According to the FDA, FOP nutrition labeling would complement the traditional Nutrition Facts label rather than replace it, with FOP labeling helping consumers with lower nutrition knowledge to quickly and easily identify foods that can help them build a healthy eating pattern.
Hahn noted that it takes little effort to simply turn a box on its side to read the standard Nutrition Label, and joked that he wanted to start a campaign called “Do the Flip” to encourage shoppers to flip food and beverage packages and read the ingredients. On a more serious note, he mentioned that any eventual FOP addition to food and beverage packaging will likely create an enormous expense for the industry to execute.

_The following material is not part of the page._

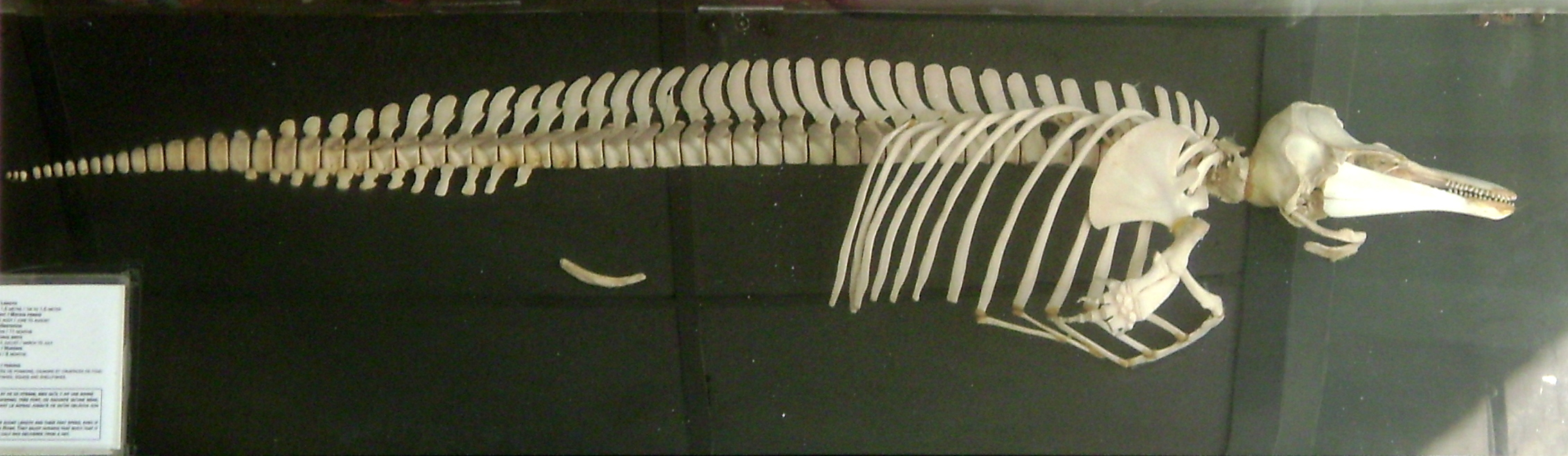 Harbour porpoise (Phocoena phocoena) skeleton exposed on the Cavalier des mers, whale cruise boat based in Rivière-du-Loup, province of Québec

“The most troubling aspect about [FOP] labeling is the cost it will impose on the industry, and that is what’s really important to mention when you go to Washington to meet with your representatives. If you’re talking about a mandatory labeling scheme, every label is going to have to be touched. We’re talking about hundreds of millions of dollars, and that’s an expense that is frequently overlooked. If I’m going to be part of a multi-million-dollar cost on the industry, then I would like to see a cost benefit analysis,” says Hahn.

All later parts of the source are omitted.